- Directed by: Michael Winner
- Written by: Michael Winner
- Produced by: Olive Negus-Fancey Michael Winner
- Starring: Terence Longdon Donald Gray Diane Clare Robertson Hare Dermot Walsh
- Cinematography: Dick Bayley
- Music by: Jackie Brown Cy Payne
- Production company: Border Film Productions
- Distributed by: New Realm Pictures
- Release date: 1961;
- Running time: 61 min.
- Country: United Kingdom
- Language: English

= Out of the Shadow (1961 film) =

1961 British film by Michael Winner

Out of the Shadow (also known as Murder on the Campus) is a 1961 British thriller film directed and written by Michael Winner and starring Terence Longdon, Donald Gray, Diane Clare, Robertson Hare and Dermot Walsh.

==Plot==
Reporter Mark Kingston is informed that his brother, a student at Cambridge University, has committed suicide, but he is not convinced. The police dismiss his suspicions, so he begins his own investigation with the help of Mary Johnson, whose father, a professor, has gone missing.

==Cricital reception==
The reviewer for Kine Weekly wrote: "The tale is a bit involved but the characters, adequately portrayed, are briskly shuffled, its light relief is apt, the romantic asides are agreeable, and it ends on a lively, if hardly unexpected, note. What's more, the backgrounds are authentic. Safe quota 'second'."

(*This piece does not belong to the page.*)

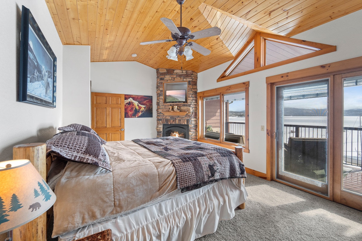 大湖景观、舒适的壁炉、拖车停车位

The Monthly Film Bulletin said: "A not uninteresting plot, if perhaps too liberally loaded with red herrings, and the Cambridge settings are the best features in an otherwise shoddily-made and -played second feature."

==DVD release==
The film was released, as Murder on the Campus, on DVD in the UK in October 2013, in a two-film collection with the thriller Final Appointment (1954).